About host country

Ethiopia's textiles and clothing industry is undergoing major development, aided by the presence of a cheap, skilled and highly-motivated workforce. This surge has been helped by the country’s impressive economic growth over the past years. Ethiopia’s enormous export potential is made possible by the wide availability of raw cotton and other natural fibers and Ethiopia’s access to domestic, regional and international markets.

Textile markets

In recent years, the global market has become increasingly accessible to countries such as Ethiopia. New export opportunities were created through initiatives such as AGOA (the African Growth and Opportunity Act), COMESA (the Common Market of Eastern and Southern Africa) and the many bilateral trade agreements concluded with Western countries, including the Netherlands, Belgium and Luxembourg. Ethiopia is also part of the “Everything But Arms” program that has been set up to provide access to the E.U. market for Lesser Developed Beneficiary Countries, free of duty and without quota restrictions, for all export products except arms.

Also read "Made in Ethiopia: Fashion's Next Sourcing Hub?" (BOF)

Political and Social Stability

Ethiopia is the oldest independent country in Africa, and is among the most stable countries in the region.

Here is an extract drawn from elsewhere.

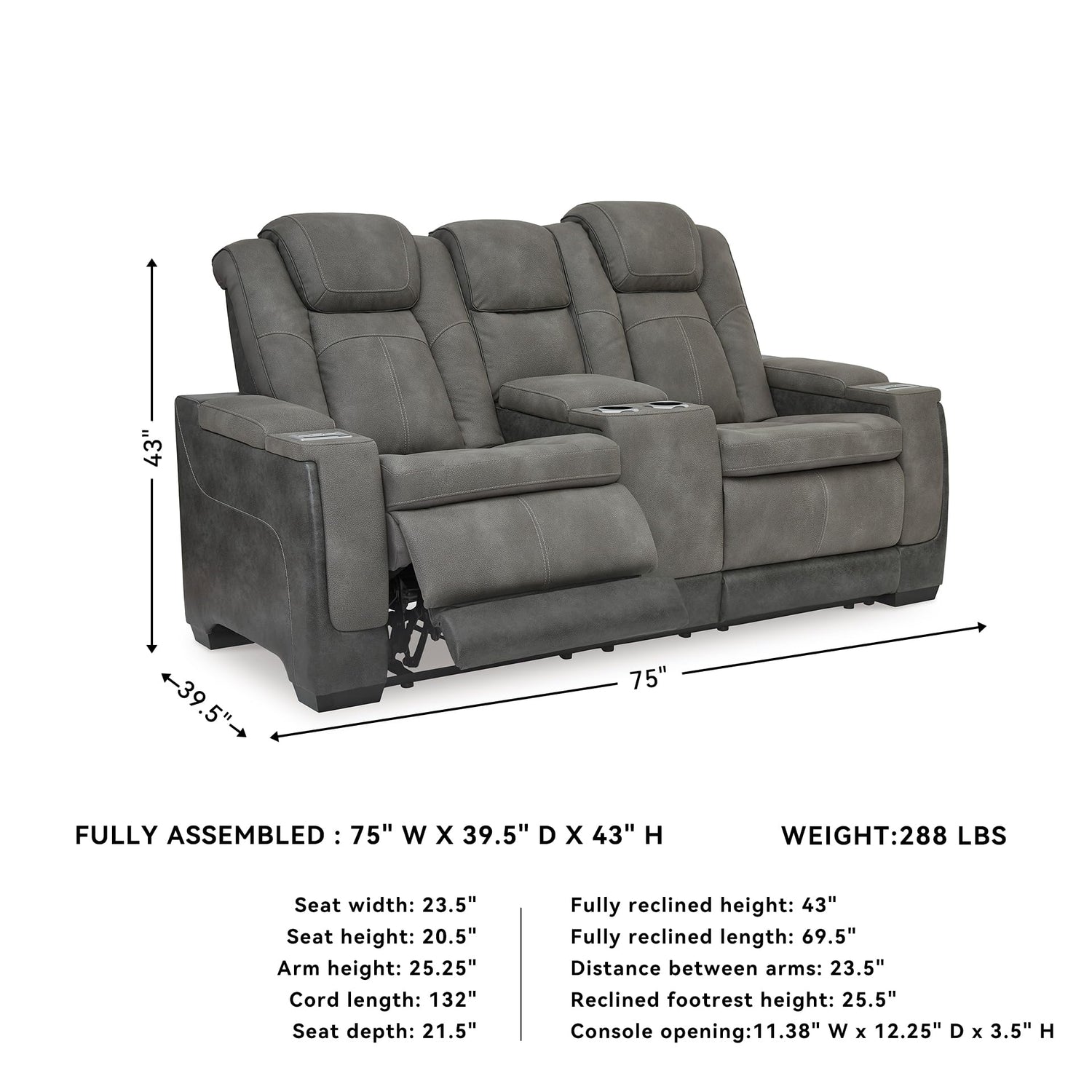 - PERFECT SOFA COMPANION: Measuring 75" W x 39.5" D x 43" H with a fully reclined length of 43", this loveseat sets perfectly by a couch or recliner in your lounge space

The 2012 peaceful transition of power to a new Prime Minister has proven the stability of Ethiopia’s multi-party political system and parliamentarian form of government.

Security in Ethiopia has been ranked 55th out of 148 countries by the World Economic Forum (Global Competitiveness Report, 2013-2014), well above most of its regional peers such as South Africa (109th), Kenya (131st), and Nigeria (142nd). In fact, Ethiopia ranked 36th and 38th globally in business costs of crime and violence, and organized crime.

Growing Economy

Ethiopia has grown at an average rate of 10% since 2010. In 2012, Ethiopia was the 12th fastest growing economy in the world , managing to grow faster than other African countries such as Rwanda, Mozambique, Zambia, and Ghana, as well as China and India (World Bank, 2013).

Through a co-ordinated, prudent fiscal policy and a tight monetary policy, combined with a slowdown in global commodity prices, the Government has brought down inflation to single digits. Consumer prices have increased by only 5.7 percent in 2013 and are forecasted to grow by only 6.6 and 5.5 percent, respectively, in 2014 and 2015 (International Monetary Fund, 2014).

Growth forecasts of more than 7% from the International Monetary Fund and the African Development Bank place Ethiopia among the world’s growth leaders over the medium term.